Message-ID: <20070731151434.GA18506@skynet.ie> (raw)
In-Reply-To: <1185559260.5069.40.camel@localhost>

On (27/07/07 14:00), Lee Schermerhorn didst pronounce:
> Here's a second attempt to document the existing Linux Memory Policy.
> I've tried to address comments on the first cut from Christoph and Andi.
> I've removed the details of the APIs and referenced the man pages "for
> more details".  I've made a stab at addressing the interaction with
> cpusets, but more could be done here.
> 
> I'm hoping we can get this merged in some form, and then update it with
> all of the policy changes that are in the queue and/or being
> worked--memoryless nodes, interaction with ZONE_MOVABLE, ... .
> 
> Lee
> 
> ----------------
> 
> [PATCH] Document Linux Memory Policy - V2
> 
> I couldn't find any memory policy documentation in the Documentation
> directory, so here is my attempt to document it.
> 
> There's lots more that could be written about the internal design--including
> data structures, functions, etc.  However, if you agree that this is better
> that the nothing that exists now, perhaps it could be merged.  This will
> provide a baseline for updates to document the many policy patches that are
> currently being worked.
> 

As pointed out elsewhere, you are better off describing how the policies
appear to behave from outside. If you describe the internals to any decent
level of detail, it'll be obsolete in 6 months time.
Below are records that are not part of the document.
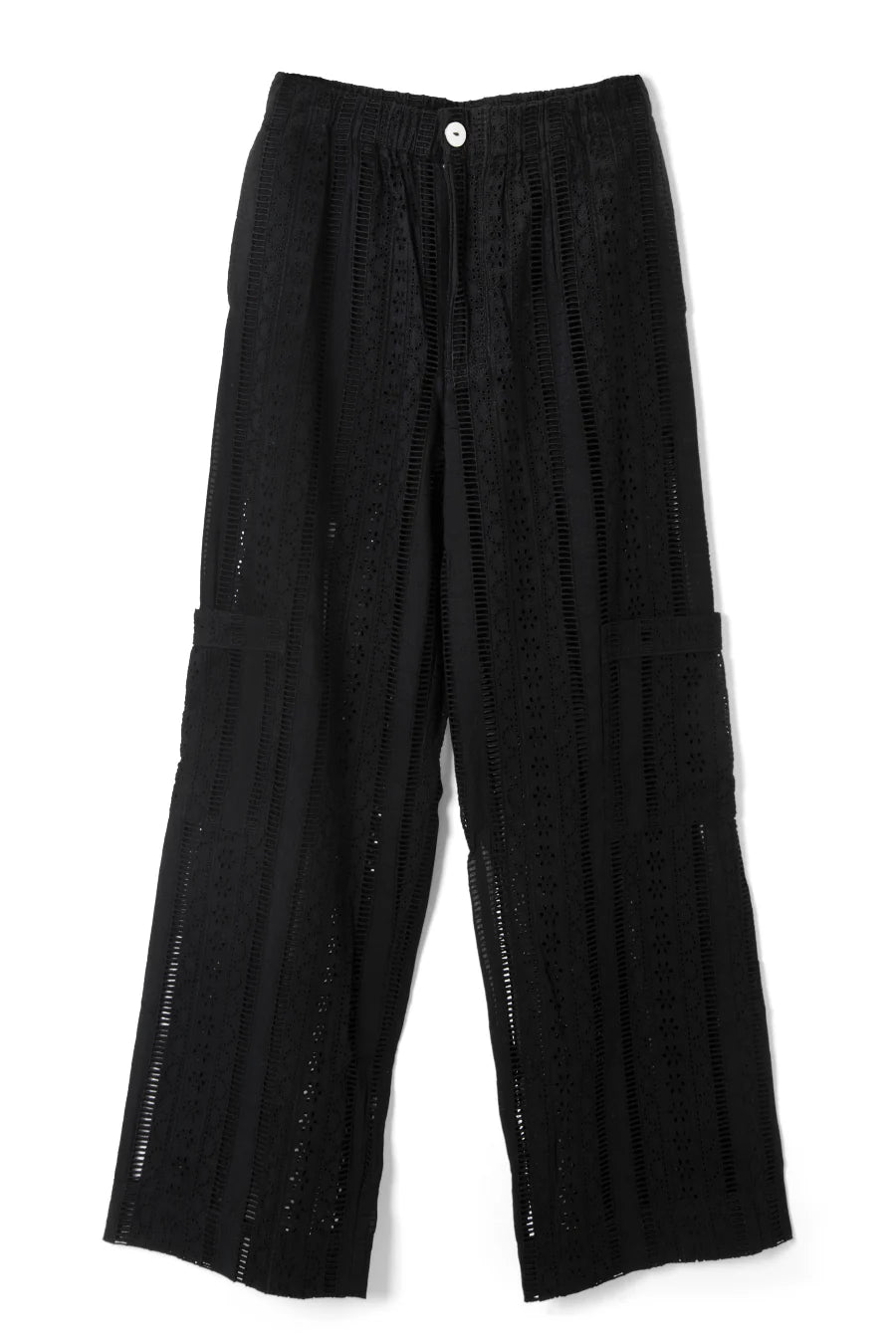 The Vacation trousers are our black pull on style trousers featuring an all over sheer broderie design. an elasticated waist and a front ties.
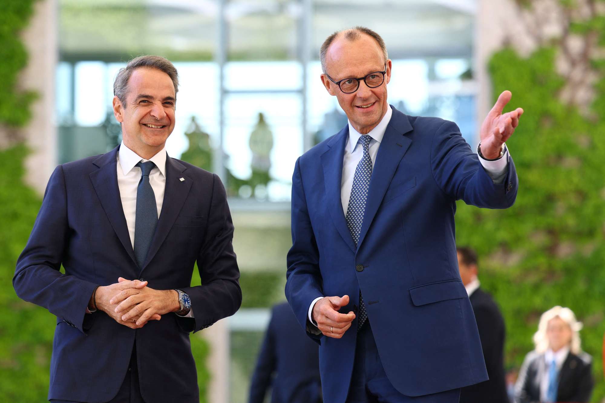 Ο Πρωθυπουργός έφθασε στην έδρα της Καγκελαρίας για τη συνάντησή του με τον Φρίντριχ Μερτς -στο δεύτερο διαδοχικό τετ α τετ με ευρωπαίο ηγέτη το τελευταίο 48ωρο μετά από εκείνο της Ρώμης, με την ιταλίδα ομόλογό του, Τζόρτζια Μελόνι (περισσότερα εδώ)- λίγο μετά τις 13.00 (δείτε το βίντεο κάτω από την ανταποκρίτρια του ΑΠΕ-ΜΠΕ Φαίη Καραβίτη).
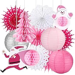 - Features: Pink Christmas elements are perfect for heartwarming winter gatherings or princess-themed Christmas birthdays, bringing a unique Christmas atmosphere. Each holiday decoration is equipped with a hanging rope or hook, which can be easily hung and arranged without complicated operations, saving time for arrangement. Specifications: Material: paper Color: pink and white Size: Pink Christmas tree honeycombs: approx. 9.84 inches/ 25 cm Paper lanterns: approx. 10 inches Rose-red snowflake paper fans: approx. 7.87 inches/ 20 cm Light pink snowflake paper fans: approx. 11.81 inches/ 30 cm White snowflake paper fans: approx. 11.81 inches/ 30 cm Package includes: 1 x Pink Santa honeycombs 1 x Pink snowman honeycombs 1 x Pink Christmas tree honeycombs 3 x Paper lanterns 6 x Snowflake paper fans Notes: Manual measurement, please allow slight errors on size. The color may exist a slight difference due to different screen displays. Small parts included, please keep them away from little kids to avoid swallowing risk
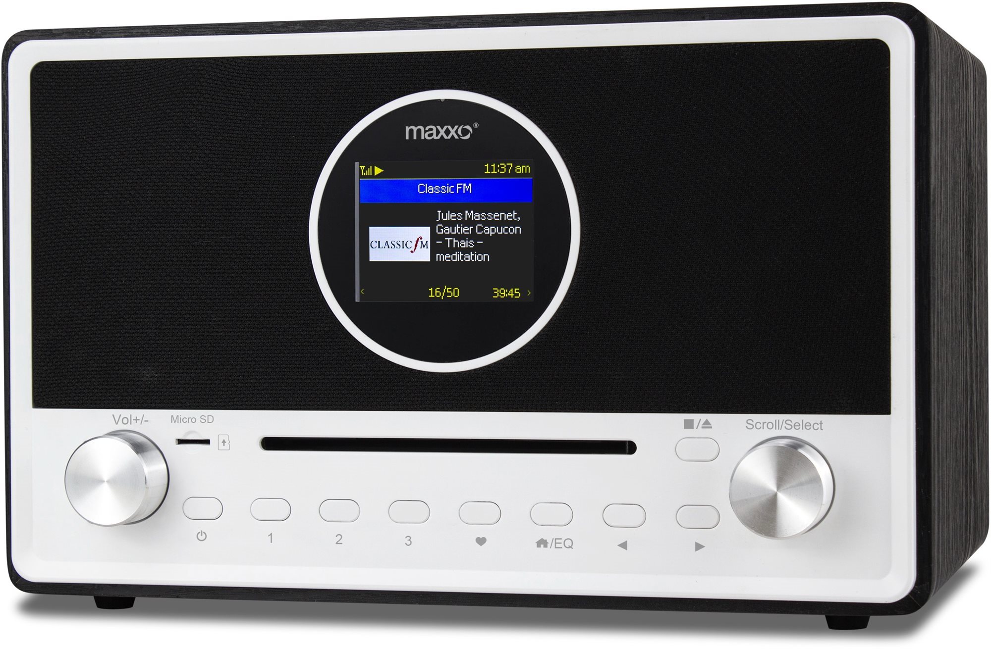 Rádio – internetové a klasické, DAB+, FM a RDS tuner disponuje 99 predvoľbami, podpora mp3, výkon 40 W, vstup USB a 3,5 mm Jack, výstup 3,5 mm Jack, automatické ladenie, Bluetooth, UPNP a WiFi, k podporovaným médiám patrí CD, microSD karta a USB flash disk, streamovacia služba Spotify, Deezer a Apple Music, budík a displej, diaľkové ovládanie súčasťou, napájanie sieťové, retro dizajn, biela a čierna farba Kľúčové vlastnosti rádia Maxxo DAB+ internetové rádio – CD03 Rádio Maxxo je vybavené tunerom na zachytenie DAB+, FM a RDS Zobrazí informácie o skladbe alebo aktuálnom obsahu Medzi obľúbené funkcie sa
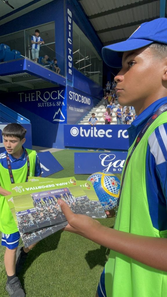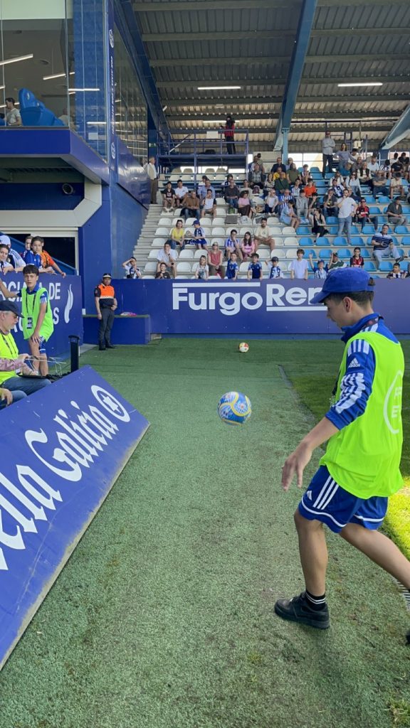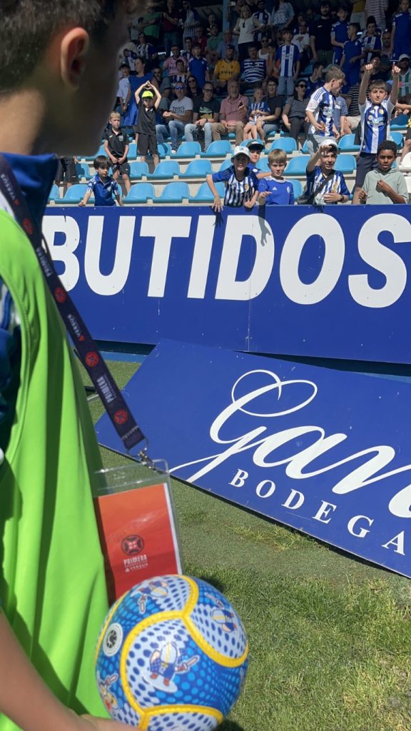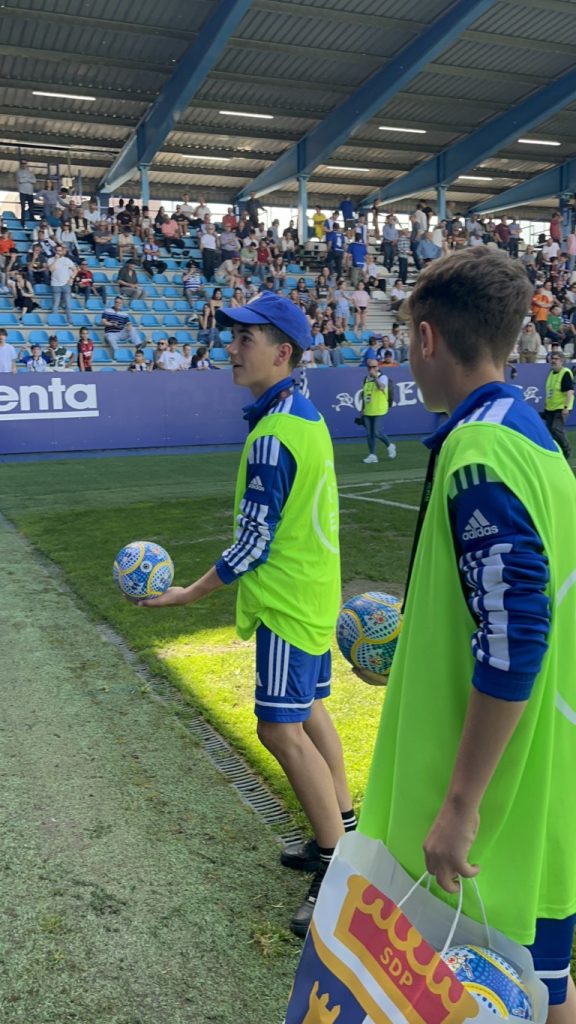 - Balones: El climax de la jornada llegó con el lanzamiento de balones firmados por los jugadores. Cada balón que volaba hacia las gradas no era solo un regalo firmado, sino un sueño por conseguir y desear atrapar con sus manos un pedazo de magia de la Ponfe.
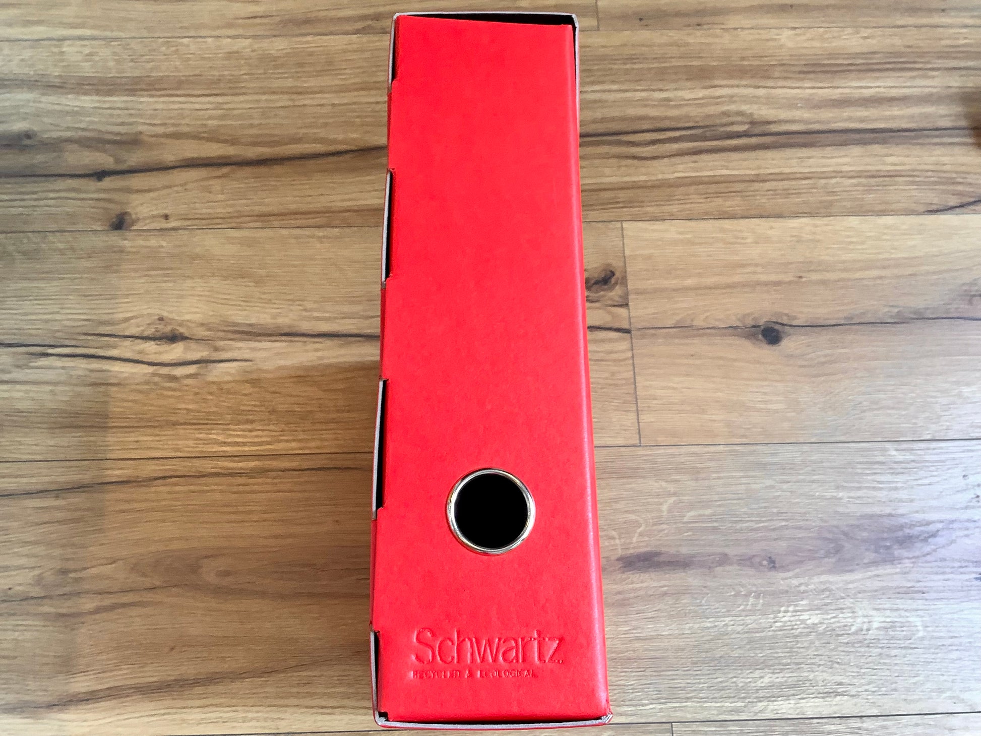 - durch ein Metallgriffloch an der kurzen Seite lässt sich die Box einfach aus dem Regal ziehen

> Signed-off-by:  Lee Schermerhorn <lee.schermerhorn@hp.com>
> 
>  Documentation/vm/memory_policy.txt |  278 +++++++++++++++++++++++++++++++++++++
>  1 file changed, 278 insertions(+)
> 
> Index: Linux/Documentation/vm/memory_policy.txt
> ===================================================================
> --- /dev/null	1970-01-01 00:00:00.000000000 +0000
> +++ Linux/Documentation/vm/memory_policy.txt	2007-07-27 13:40:45.000000000 -0400
> @@ -0,0 +1,278 @@
> +
> +What is Linux Memory Policy?
> +
> +In the Linux kernel, "memory policy" determines from which node the kernel will
> +allocate memory in a NUMA system or in an emulated NUMA system.  Linux has
> +supported platforms with Non-Uniform Memory Access architectures since 2.4.?.
> +The current memory policy support was added to Linux 2.6 around May 2004.  This
> +document attempts to describe the concepts and APIs of the 2.6 memory policy
> +support.
> +
> +See also Documentation/cpusets.txt which describes a higher level,
> +administrative mechanism for restricting the set of nodes from which memory
> +policy may allocate pages.  Also, see "MEMORY POLICIES AND CPUSETS" below.
> +

hmm. This may conflate what cpusets and memory policies are. Try
something like;

This should not be confused with cpusets (Documentation/cpusets.txt) which
is an administrative mechanism for restricting the usable nodes memory be
allocated from by a set of processes. Memory policies are a programming
interface that a NUMA-aware application can take advantage of. When both
cpusets and policies are applied to a task, the restrictions of the cpuset
takes priority. See "MEMORY POLICIES AND CPUSETS" below for more details.

> +MEMORY POLICY CONCEPTS
> +
> +Scope of Memory Policies
> +
> +The Linux kernel supports four more or less distinct scopes of memory policy:
> +

The sentence is too passive. State with certainity like

The Linux kernel supports four distinct scopes of memory policy:

Otherwise when I'm reading it I feel I must check if there are more or
less than four types of policy.

> +    System Default Policy:  this policy is "hard coded" into the kernel.  It
> +    is the policy that governs the all page allocations that aren't controlled
> +    by one of the more specific policy scopes discussed below.
> +

It's not stated what this policy means until much later. Forward
references like that may be confusing so consider adding something like;

The default policy will allocate from the closest memory node to the currently
running CPU and fallback to nodes in order of distance.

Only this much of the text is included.